Midterm elections make immigration reform unlikely

Immigration issues drew new focus last week with President Barack Obama's national address, but it is difficult to find anyone betting that a reform bill would reach a vote before November's high-stakes midterm congressional elections. Regardless of timing, political conditions may have shifted significantly since a swift reaction drove back efforts for a measure late in the George W. Bush administration.

For one thing, Arizona's illegal-alien enforcement law now shapes the debate. Locally, Patrick Young of the advocacy group Long Island Wins, which has long contested those championing crackdown campaigns here and clashed with Suffolk Executive Steve Levy, says the Marcelo Lucero slaying tamped down the most militant rhetoric. Of the size of the undocumented population, Young says: "We're not hearing of large-scale departures, but it definitely seems that in the last two years there has been a very sharp decrease in the number of new arrivals."

UNITED THEY STOOD: Newly Republican Levy joined with GOP state Sens. Kenneth LaValle, John Flanagan and Owen Johnson to demand state restoration of Empire Zones, citing Canon's move of its North American headquarters to Melville. One insider noted speculation has whirled around the prospect of Flanagan running for Levy's job next year.
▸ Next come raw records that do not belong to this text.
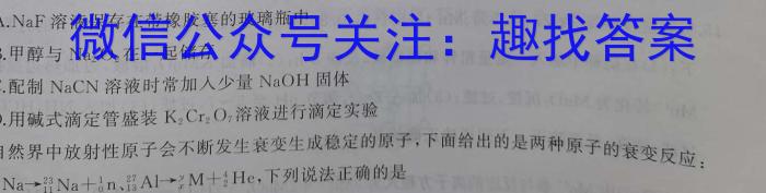 3.下列关于试剂的使用或保存方法中,正确的是A.NaF溶液保存在带橡胶塞的玻璃瓶中A.NaFNa2O2B.甲醇与NaO在一起储存NaOHC.配制NaCN溶液时常加入少量NaOH固体NaCND.用碱式滴定管盛装KCrO溶液进行滴定实验K2Cr2O74.自然界中放射性原子会不断发生衰变生成稳定的原子,下面给出的是两种原子的衰变反应:
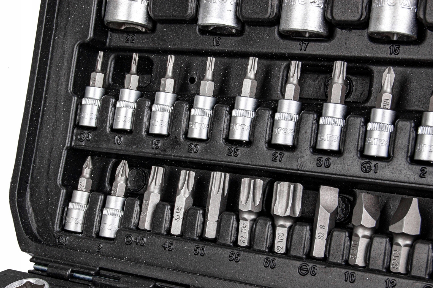 Професійний набір інструментів, розроблений для задоволення потреб спеціалізованих автомобільних і механічних служб. Торцеві ключі та торцевий привід виготовлені з міцної хромованадієвої інструментальної сталі CrV 50BV3. Гнізда були виготовлені методом штампування, а перед процесом загартування їх відкалібрували за допомогою точних калібрів і контрольних пристроїв. Головки оснащені системою AS-Drive, що збільшує максимальний крутний момент на 25%, з повним захистом країв гайки, головки з двоколірним покриттям поверхні. У комплект також входять насадки з твердої сталі S2. Набір дозволяє виконувати роботи, що вимагають дуже високих навантажень і точності, а також дозволяє виконувати багато сервісних робіт, пов'язаних з відгвинчуванням і закручуванням різьбових з'єднань різних номінальних розмірів
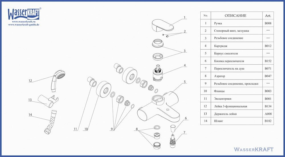Смеситель WasserKRAFT Donau 5301 для ванны с душем

ALBANY EXODUS: With six months left in office, Gov. David A. Paterson chose the start of the holiday weekend to announce the departures of Director of State Operations Valerie Grey, Deputy Secretary of Education Duffy Palmer and Commissioner of the New York State Office of Mental Retardation and Developmental Disabilities Diana Jones Ritter.

WOULD-BE-A.G.

ON EX-A.G.: Nassau District Attorney Kathleen Rice, running for state attorney general, was asked on a radio show about the fact that ex-Gov. and ex-A.G. Eliot Spitzer wasn't prosecuted for his prostitution propensity. "When you bring in Eliot Spitzer and the decisions that were made there, this is why people feel that there are two sets of rules: rules for the connected, and those for the regular Joes like you and I," Rice said. That led a Rice skeptic to ask if as D.A. she's gone after "johns." She has. In April, for example, 29 were arrested in Hempstead Village on charges of patronizing a prostitute.